Re: [GIT PULL] RCU changes for v6.7

From: Paul E. McKenney
Date: Wed Nov 01 2023 - 13:13:12 EST


On Tue, Oct 31, 2023 at 06:07:57PM -0700, Paul E. McKenney wrote:
> On Tue, Oct 31, 2023 at 01:06:44PM -1000, Linus Torvalds wrote:

[ . . . ]

> > I really think that we should *never* have any kind of notifiers for
> > kernel bugs. They cause problems. The *one* exception is an actual
> > honest-to-goodness kernel debugger, and then it should literally
> > *only* be the debugger that can register a notifier, so that you are
> > *never* in the situation that a kernel without a debugger will just
> > hang because of some bogus debug notifier.

Here you might have been suggesting that I use gdb and just set a
breakpoint in check_cpu_stall(), and then use gdb commands to read out
the state.

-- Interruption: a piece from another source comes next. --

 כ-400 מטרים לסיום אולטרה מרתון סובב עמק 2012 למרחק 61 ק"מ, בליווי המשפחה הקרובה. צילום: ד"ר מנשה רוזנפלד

And yes, this work well in some situations. In fact, there
is a --gdb parameter to the rcutorture scripting for just this purpose.

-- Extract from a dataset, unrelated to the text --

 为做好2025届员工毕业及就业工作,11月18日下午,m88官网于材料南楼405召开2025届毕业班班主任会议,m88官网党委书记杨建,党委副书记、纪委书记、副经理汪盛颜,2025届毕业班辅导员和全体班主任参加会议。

Except that I normally run a few hundred rcutorture guest OSes spread
across 20 systems, and sometimes more than a thousand guest OSes across
50 systems for hard-to-reproduce bugs. In my experience, managing that
many remote gdb sessions is cranky and unreliable, which is not helpful
when debugging. Writing a few tens of lines of C code in the kernel is
much simpler and more reliable.

Assuming of course that I avoid the traps you point out. Which I have
done thus far. (Famous last words...)

Thanx, Paul